Обращает на себя внимание то, что имя Сталина нередко употребляется в доносе в третьем лице. «Я рассказывал, что Сталин ругал меня»… «Сталин спрашивал его»… «Когда Сталин вызвал меня» и т. п. Ведь так не пишут в письме, адресованном именно к этому лицу. Откуда же такие обороты речи? Да скорее всего, первоначально это был текст допроса следователем, а потом с некоторыми поправками в конце этот текст и был послан Сталину как письмо. А как в ведомстве Абакумова проводились допросы и как получали признания, это хорошо видно из письма генерала В. Крюкова от 25 апреля 1953 года, посланного из лагеря через его начальника в ЦК КПСС и одновременно Жукову, который был тогда заместителем министра обороны. Вот опять-таки только несколько выдержек.

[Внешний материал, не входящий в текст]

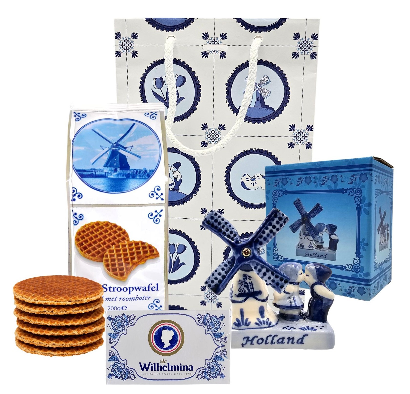 Delfter blaue Tüte mit einer typisch holländischen Windmühle – und etwas Leckerem.

«В тюрьме я был вызван к заместителю начальника следственной части полковнику Лихачеву, который сразу заявил: «Помни, что ты теперь уже не генерал, а арестант, и разговоры с тобой будут короткие. Если будешь запираться, будем бить, как сидорову козу». «– Позвольте, – я ему говорю, – я же пока только подследственный и никем пока не разжалован». Лихачев подвел меня к окну. «Видишь там народ, вот где подследственные, а ты уже осужден, от нас на свободу возврата нет, дорога только в лагерь». От Лихачева меня повели к министру МГБ Абакумову. Он тоже счел обязанностью предупредить меня, что будут избивать, если я буду упорствовать: «Искалечим на всю жизнь». Потом я был направлен к следователю Самарину. Тот сказал: «Не упорствуй, начинай давать показания о своей антисоветской деятельности. Нам все известно». Меня обвиняли в заговоре, во главе которого якобы стоит Жуков. «Бывал на банкетах у Жукова? Восхвалял его? Какие тосты были?» «– Никаких ложных показаний я давать не буду». И началось зверское избиение резиновой палкой».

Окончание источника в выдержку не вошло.